• _DATA TO USE_:

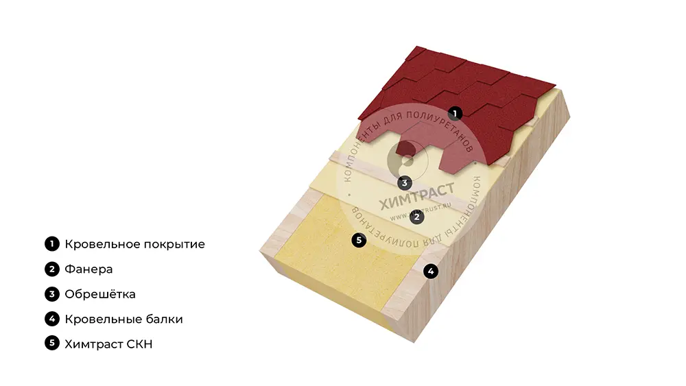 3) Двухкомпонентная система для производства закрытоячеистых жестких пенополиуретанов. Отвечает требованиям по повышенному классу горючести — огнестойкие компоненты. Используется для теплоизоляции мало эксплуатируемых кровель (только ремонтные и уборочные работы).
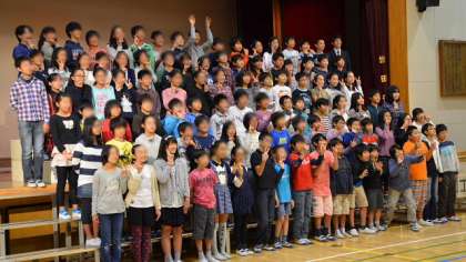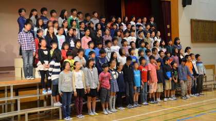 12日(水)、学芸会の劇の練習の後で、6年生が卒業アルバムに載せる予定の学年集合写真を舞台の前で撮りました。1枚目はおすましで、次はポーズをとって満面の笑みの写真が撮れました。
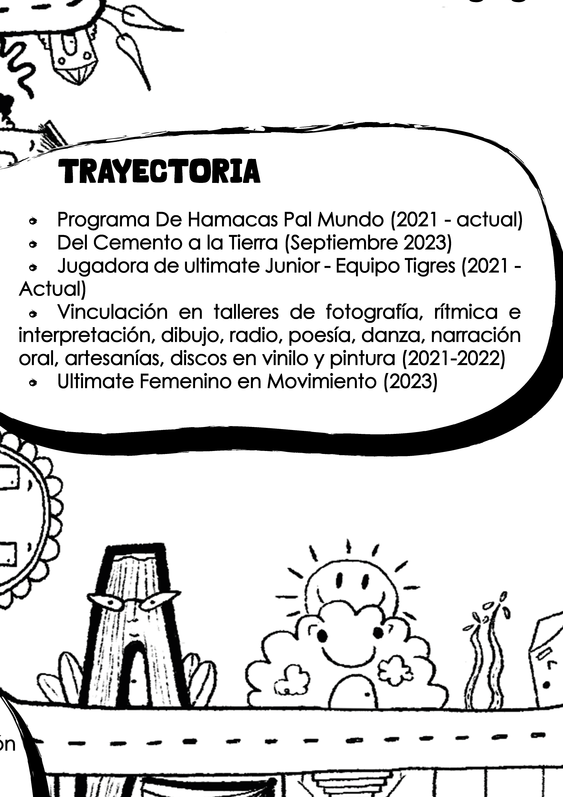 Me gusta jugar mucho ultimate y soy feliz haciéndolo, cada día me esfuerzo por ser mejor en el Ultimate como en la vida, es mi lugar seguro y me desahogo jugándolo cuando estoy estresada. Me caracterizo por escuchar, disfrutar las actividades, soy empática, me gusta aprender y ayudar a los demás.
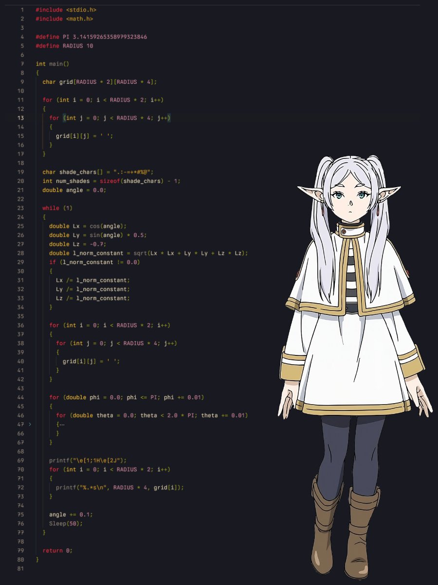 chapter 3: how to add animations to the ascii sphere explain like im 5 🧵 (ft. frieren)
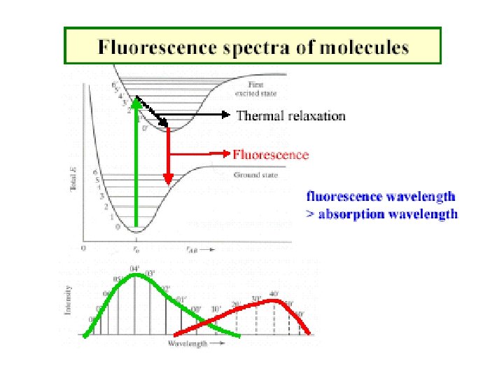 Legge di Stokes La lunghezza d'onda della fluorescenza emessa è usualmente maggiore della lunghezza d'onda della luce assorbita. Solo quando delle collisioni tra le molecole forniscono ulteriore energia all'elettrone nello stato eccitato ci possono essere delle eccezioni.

• _WORK REQUIRED_: Retype the material in full, exactly as written, and exclude the pictures.

• _EXPECTED ANSWER_:
 3) Двухкомпонентная система для производства закрытоячеистых жестких пенополиуретанов. Отвечает требованиям по повышенному классу горючести — огнестойкие компоненты. Используется для теплоизоляции мало эксплуатируемых кровель (только ремонтные и уборочные работы).
 12日(水)、学芸会の劇の練習の後で、6年生が卒業アルバムに載せる予定の学年集合写真を舞台の前で撮りました。1枚目はおすましで、次はポーズをとって満面の笑みの写真が撮れました。
 Me gusta jugar mucho ultimate y soy feliz haciéndolo, cada día me esfuerzo por ser mejor en el Ultimate como en la vida, es mi lugar seguro y me desahogo jugándolo cuando estoy estresada. Me caracterizo por escuchar, disfrutar las actividades, soy empática, me gusta aprender y ayudar a los demás.
 chapter 3: how to add animations to the ascii sphere explain like im 5 🧵 (ft. frieren)
 Legge di Stokes La lunghezza d'onda della fluorescenza emessa è usualmente maggiore della lunghezza d'onda della luce assorbita. Solo quando delle collisioni tra le molecole forniscono ulteriore energia all'elettrone nello stato eccitato ci possono essere delle eccezioni.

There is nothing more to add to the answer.